*** Opening SUPPLIED MATERIAL ***

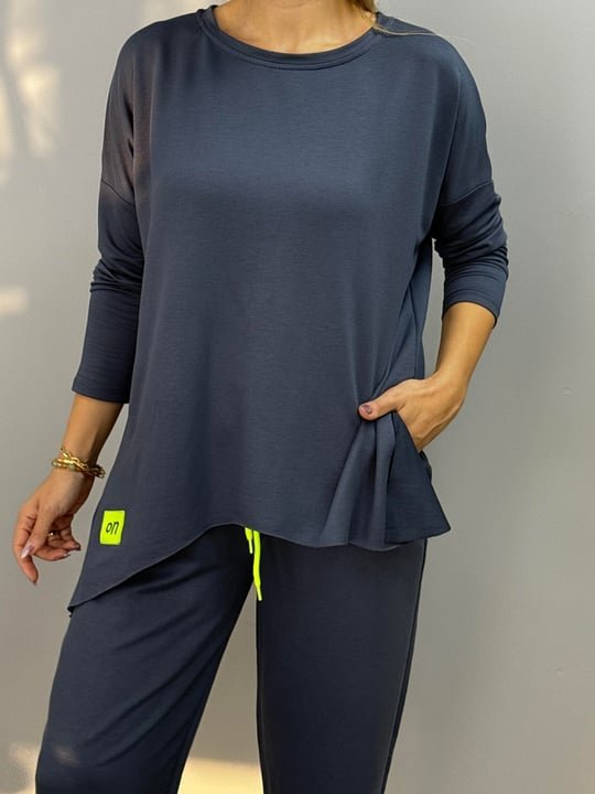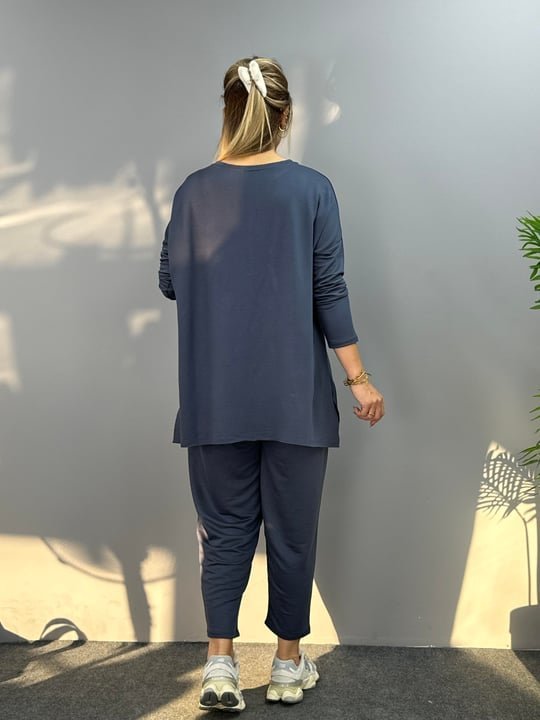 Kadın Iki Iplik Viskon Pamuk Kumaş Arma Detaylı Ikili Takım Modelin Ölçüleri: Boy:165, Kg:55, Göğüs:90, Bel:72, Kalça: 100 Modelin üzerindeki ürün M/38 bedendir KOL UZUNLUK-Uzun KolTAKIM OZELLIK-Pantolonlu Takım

*** Closing SUPPLIED MATERIAL ***
*** Opening SUPPLIED MATERIAL ***

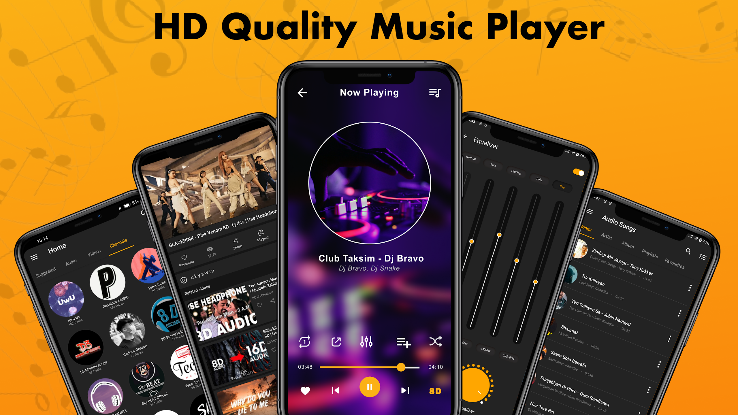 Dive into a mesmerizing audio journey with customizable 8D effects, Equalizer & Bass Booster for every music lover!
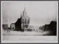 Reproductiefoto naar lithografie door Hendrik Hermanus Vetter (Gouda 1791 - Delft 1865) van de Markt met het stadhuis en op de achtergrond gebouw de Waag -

*** Closing SUPPLIED MATERIAL ***
*** Opening SUPPLIED MATERIAL ***

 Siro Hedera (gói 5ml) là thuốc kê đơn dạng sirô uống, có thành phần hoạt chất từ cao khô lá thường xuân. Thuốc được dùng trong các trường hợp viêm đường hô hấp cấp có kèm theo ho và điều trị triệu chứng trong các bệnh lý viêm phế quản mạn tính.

*** Closing SUPPLIED MATERIAL ***

EXERCISE REQUIREMENTS:
Given the listing above, retype only the span of lines from the line with "Dive into a" up to and including the line with "Reproductiefoto naar lithografie", exactly as it stands and without pictures.

YOUR RESPONSE:
 Dive into a mesmerizing audio journey with customizable 8D effects, Equalizer & Bass Booster for every music lover!
 Reproductiefoto naar lithografie door Hendrik Hermanus Vetter (Gouda 1791 - Delft 1865) van de Markt met het stadhuis en op de achtergrond gebouw de Waag -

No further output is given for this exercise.